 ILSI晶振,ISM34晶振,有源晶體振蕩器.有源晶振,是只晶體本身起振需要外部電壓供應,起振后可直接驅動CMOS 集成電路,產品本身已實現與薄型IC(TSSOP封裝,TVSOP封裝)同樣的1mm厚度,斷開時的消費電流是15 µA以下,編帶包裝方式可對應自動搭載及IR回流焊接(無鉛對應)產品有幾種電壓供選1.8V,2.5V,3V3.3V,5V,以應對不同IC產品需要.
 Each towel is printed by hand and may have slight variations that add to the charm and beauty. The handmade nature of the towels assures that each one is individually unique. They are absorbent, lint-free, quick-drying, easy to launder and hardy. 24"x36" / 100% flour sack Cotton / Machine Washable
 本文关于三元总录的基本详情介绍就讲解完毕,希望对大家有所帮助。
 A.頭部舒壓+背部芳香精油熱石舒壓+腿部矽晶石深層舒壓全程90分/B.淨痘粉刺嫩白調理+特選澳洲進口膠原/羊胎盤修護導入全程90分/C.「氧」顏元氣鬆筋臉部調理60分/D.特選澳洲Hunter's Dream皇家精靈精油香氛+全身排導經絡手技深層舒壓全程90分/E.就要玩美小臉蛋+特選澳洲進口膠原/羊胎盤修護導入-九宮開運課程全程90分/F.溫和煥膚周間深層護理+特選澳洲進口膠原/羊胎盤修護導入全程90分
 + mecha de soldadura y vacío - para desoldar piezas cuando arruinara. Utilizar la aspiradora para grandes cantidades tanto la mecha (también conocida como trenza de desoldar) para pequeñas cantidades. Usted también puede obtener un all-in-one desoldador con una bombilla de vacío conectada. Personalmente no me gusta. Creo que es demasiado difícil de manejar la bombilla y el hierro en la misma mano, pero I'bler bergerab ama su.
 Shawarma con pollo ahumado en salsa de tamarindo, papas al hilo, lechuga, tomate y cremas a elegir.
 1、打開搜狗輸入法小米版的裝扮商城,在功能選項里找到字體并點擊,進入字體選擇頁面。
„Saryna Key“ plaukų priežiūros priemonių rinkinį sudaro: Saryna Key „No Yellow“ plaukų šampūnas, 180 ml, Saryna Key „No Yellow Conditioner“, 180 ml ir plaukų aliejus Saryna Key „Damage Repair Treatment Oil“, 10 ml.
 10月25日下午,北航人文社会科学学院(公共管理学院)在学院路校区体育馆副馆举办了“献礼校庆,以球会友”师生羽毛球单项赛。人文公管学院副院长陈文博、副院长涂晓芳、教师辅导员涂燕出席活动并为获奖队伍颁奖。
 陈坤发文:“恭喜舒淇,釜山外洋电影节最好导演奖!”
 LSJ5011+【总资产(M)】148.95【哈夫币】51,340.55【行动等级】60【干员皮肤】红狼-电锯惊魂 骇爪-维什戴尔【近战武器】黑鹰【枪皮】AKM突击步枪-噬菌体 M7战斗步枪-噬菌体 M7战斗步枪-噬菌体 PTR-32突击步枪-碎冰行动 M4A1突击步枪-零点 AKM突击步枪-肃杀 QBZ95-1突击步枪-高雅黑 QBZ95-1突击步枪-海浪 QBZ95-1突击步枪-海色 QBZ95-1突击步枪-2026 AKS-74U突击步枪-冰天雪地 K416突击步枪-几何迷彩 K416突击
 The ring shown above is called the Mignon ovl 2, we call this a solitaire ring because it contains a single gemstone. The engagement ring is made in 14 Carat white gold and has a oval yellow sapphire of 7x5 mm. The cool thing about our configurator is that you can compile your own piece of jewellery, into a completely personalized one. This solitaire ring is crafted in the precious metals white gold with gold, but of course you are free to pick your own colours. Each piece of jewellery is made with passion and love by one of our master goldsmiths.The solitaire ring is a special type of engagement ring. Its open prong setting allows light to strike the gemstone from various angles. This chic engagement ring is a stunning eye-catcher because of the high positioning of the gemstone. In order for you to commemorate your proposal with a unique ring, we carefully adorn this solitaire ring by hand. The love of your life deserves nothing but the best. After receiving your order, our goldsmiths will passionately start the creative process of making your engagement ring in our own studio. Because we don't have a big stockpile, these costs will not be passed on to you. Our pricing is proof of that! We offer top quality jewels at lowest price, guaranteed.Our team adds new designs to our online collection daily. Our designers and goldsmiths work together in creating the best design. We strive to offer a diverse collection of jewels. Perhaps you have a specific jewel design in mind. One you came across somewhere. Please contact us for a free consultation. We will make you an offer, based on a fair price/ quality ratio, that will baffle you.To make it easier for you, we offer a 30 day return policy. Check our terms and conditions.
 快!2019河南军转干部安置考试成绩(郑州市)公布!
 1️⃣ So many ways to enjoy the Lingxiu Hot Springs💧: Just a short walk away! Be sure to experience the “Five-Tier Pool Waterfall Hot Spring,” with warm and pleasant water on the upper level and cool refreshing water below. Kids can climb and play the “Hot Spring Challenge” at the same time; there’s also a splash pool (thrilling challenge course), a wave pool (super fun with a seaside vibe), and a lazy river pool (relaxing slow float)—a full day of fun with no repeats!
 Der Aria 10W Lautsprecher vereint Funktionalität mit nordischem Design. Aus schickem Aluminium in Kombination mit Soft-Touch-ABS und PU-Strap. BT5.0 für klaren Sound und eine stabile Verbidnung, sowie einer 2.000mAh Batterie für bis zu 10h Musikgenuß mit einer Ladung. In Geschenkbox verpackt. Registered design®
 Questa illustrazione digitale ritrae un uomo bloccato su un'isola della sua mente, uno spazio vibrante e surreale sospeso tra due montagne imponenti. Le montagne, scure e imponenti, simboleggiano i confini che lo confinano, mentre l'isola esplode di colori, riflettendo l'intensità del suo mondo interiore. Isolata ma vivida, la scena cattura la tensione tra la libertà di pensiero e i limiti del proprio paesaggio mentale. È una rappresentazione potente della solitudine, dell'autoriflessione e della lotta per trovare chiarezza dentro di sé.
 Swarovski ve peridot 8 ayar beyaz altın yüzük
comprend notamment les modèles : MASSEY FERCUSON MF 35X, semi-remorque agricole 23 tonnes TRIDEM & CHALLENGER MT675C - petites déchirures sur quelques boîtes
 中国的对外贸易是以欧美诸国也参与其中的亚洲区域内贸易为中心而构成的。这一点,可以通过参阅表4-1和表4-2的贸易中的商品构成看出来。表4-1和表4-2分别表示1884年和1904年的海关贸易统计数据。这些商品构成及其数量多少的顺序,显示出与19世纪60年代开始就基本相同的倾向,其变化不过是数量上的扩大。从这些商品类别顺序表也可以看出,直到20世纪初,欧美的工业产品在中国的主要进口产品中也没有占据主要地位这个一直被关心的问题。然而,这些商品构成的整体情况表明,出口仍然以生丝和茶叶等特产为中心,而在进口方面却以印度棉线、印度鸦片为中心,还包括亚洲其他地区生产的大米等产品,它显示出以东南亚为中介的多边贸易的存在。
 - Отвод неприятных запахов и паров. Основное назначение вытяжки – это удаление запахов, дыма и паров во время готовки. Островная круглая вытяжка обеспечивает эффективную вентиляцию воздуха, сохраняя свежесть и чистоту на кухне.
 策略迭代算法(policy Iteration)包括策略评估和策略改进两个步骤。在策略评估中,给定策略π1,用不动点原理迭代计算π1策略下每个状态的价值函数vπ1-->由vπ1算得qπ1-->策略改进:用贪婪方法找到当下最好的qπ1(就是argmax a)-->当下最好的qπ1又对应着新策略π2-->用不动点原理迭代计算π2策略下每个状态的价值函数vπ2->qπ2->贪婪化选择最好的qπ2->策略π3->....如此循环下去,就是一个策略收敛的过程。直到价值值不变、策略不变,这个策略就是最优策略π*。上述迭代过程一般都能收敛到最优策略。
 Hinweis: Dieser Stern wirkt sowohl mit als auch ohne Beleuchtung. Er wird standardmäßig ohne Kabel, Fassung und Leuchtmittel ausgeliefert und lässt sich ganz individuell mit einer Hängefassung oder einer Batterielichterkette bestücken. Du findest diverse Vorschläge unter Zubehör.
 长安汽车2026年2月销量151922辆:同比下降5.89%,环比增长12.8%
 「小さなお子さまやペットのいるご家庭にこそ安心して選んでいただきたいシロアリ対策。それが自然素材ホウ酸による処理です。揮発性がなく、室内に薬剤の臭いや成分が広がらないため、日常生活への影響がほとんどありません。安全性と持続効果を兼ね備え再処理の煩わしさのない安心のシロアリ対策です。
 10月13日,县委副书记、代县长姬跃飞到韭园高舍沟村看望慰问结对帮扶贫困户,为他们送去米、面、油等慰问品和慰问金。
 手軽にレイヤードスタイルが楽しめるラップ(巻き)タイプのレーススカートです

* * *

● Assignment: When a line of the records includes "einer", that line belongs in the answer.

● Solution for this exercise:
 Der Aria 10W Lautsprecher vereint Funktionalität mit nordischem Design. Aus schickem Aluminium in Kombination mit Soft-Touch-ABS und PU-Strap. BT5.0 für klaren Sound und eine stabile Verbidnung, sowie einer 2.000mAh Batterie für bis zu 10h Musikgenuß mit einer Ladung. In Geschenkbox verpackt. Registered design®
 Hinweis: Dieser Stern wirkt sowohl mit als auch ohne Beleuchtung. Er wird standardmäßig ohne Kabel, Fassung und Leuchtmittel ausgeliefert und lässt sich ganz individuell mit einer Hängefassung oder einer Batterielichterkette bestücken. Du findest diverse Vorschläge unter Zubehör.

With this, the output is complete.